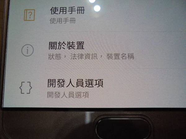 SAMSUNG三星Note 5~SM-N9208智慧型手機32GB的Micro USB接座損壞→送三星原廠更換新品後卻被恢復原廠設定~所有檔案資料全數消失不見→想救出簡訊與通話錄音檔~設定>滑至開發人員選項→嘉義縣東石鄉-鄭小姐【右手食指點進開發人員選項】
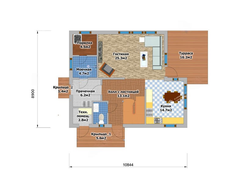 На первом этаже дома расположены: кухня 14.7 м², объединенная общей площадью с гостиной 25.3 м², имеющей выход на террасу 16.2 м², санузел, моечная комната 4.7 м², техническое помещение 2.8 м², прачечная 6.2 м² с выходом на второе крыльцо 1.50 м², сауна 4.5 м², а также лестничный холл 13.1 м² с выходом на парадное крыльцо 5.6 м².
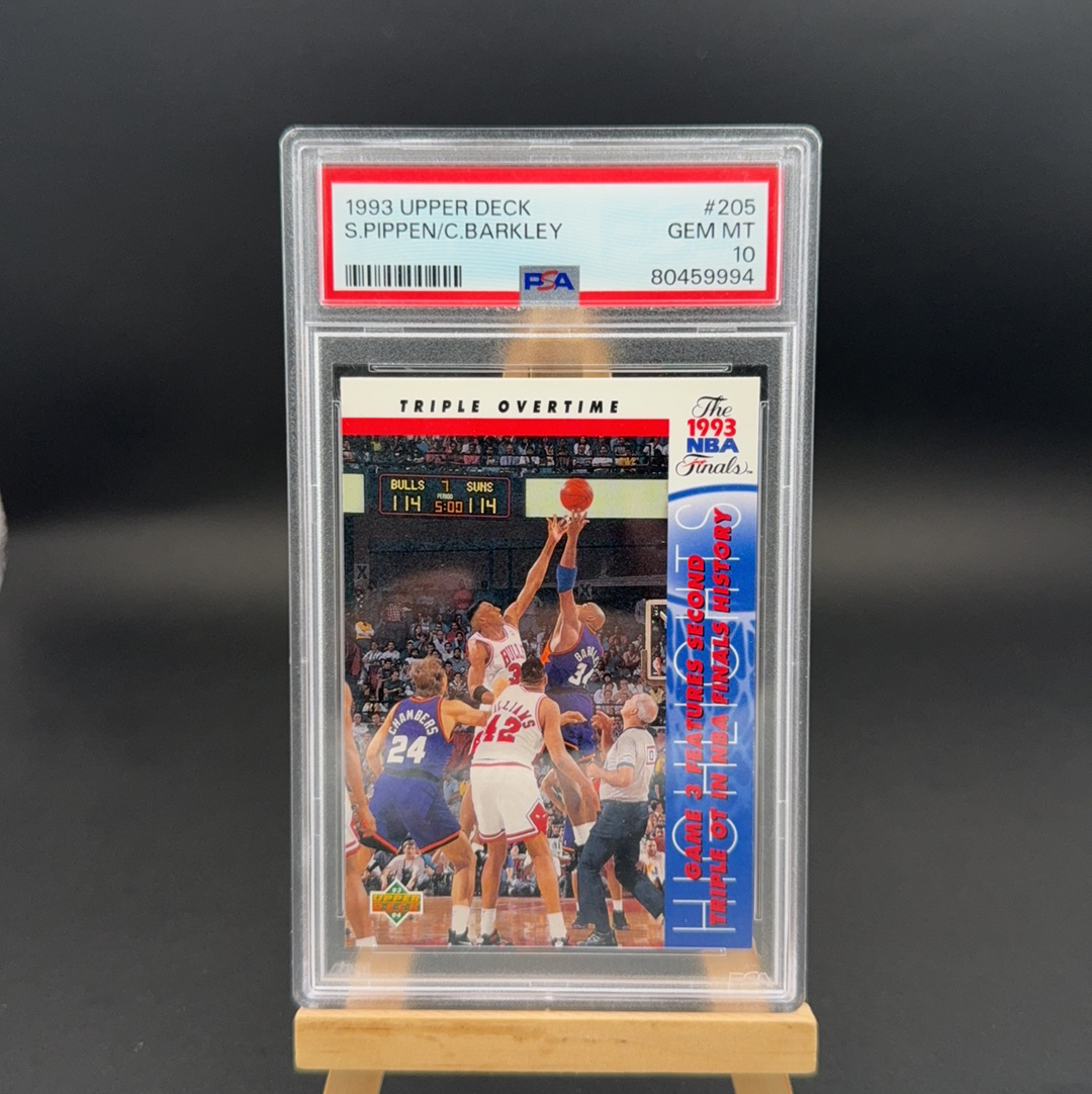 1993 Upper Deck UD S.PIPPEN/C.BARKLEY NBA总决赛 公牛VS太阳 G3 比分114:114 三加时 斯科蒂皮蓬 查尔斯巴克利 跳球时刻 PSA10分 机一073
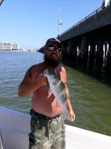 Scott Mangus of Roanoke VA was high hook for the day with 10 keeper sea bass, he also took everyone’s pool money with his 18 incher.
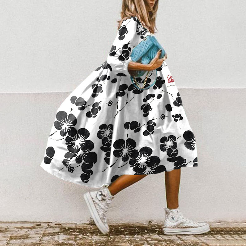 Women's Retro Floral Print Short-sleeved Midi Dress
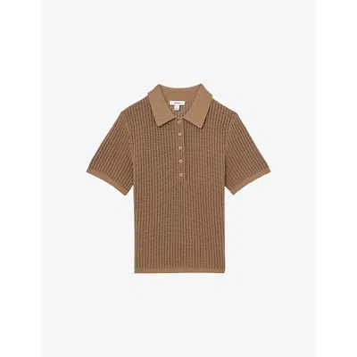 Womens Evi Open-knit Cotton-blend Polo Shirt Tan
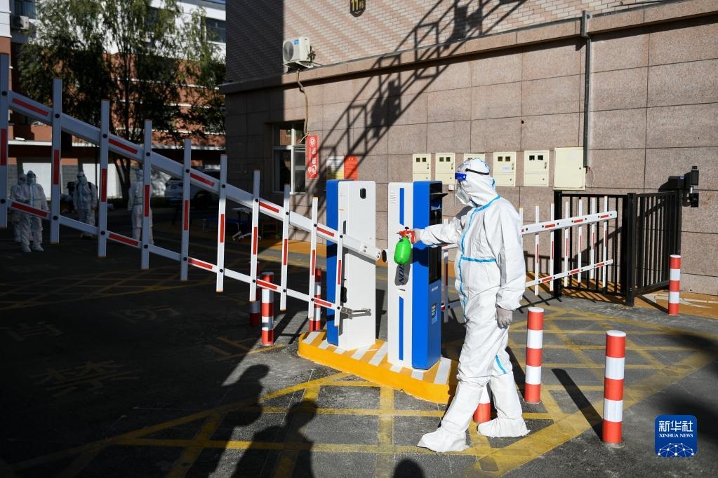 10月20日,在因疫情封控的阿拉善盟額濟納旗達來呼布鎮(zhèn)團結小區(qū)內(nèi),社區(qū)工作人員進行消殺工作。

HOW TO COMPLETE THIS TASK: Produce the entries above once more, exactly as given, with each picture left out.

WRITTEN SOLUTION:
 SAMSUNG三星Note 5~SM-N9208智慧型手機32GB的Micro USB接座損壞→送三星原廠更換新品後卻被恢復原廠設定~所有檔案資料全數消失不見→想救出簡訊與通話錄音檔~設定>滑至開發人員選項→嘉義縣東石鄉-鄭小姐【右手食指點進開發人員選項】
 На первом этаже дома расположены: кухня 14.7 м², объединенная общей площадью с гостиной 25.3 м², имеющей выход на террасу 16.2 м², санузел, моечная комната 4.7 м², техническое помещение 2.8 м², прачечная 6.2 м² с выходом на второе крыльцо 1.50 м², сауна 4.5 м², а также лестничный холл 13.1 м² с выходом на парадное крыльцо 5.6 м².
 1993 Upper Deck UD S.PIPPEN/C.BARKLEY NBA总决赛 公牛VS太阳 G3 比分114:114 三加时 斯科蒂皮蓬 查尔斯巴克利 跳球时刻 PSA10分 机一073
 Scott Mangus of Roanoke VA was high hook for the day with 10 keeper sea bass, he also took everyone’s pool money with his 18 incher.
 Women's Retro Floral Print Short-sleeved Midi Dress
 Womens Evi Open-knit Cotton-blend Polo Shirt Tan
 10月20日,在因疫情封控的阿拉善盟額濟納旗達來呼布鎮(zhèn)團結小區(qū)內(nèi),社區(qū)工作人員進行消殺工作。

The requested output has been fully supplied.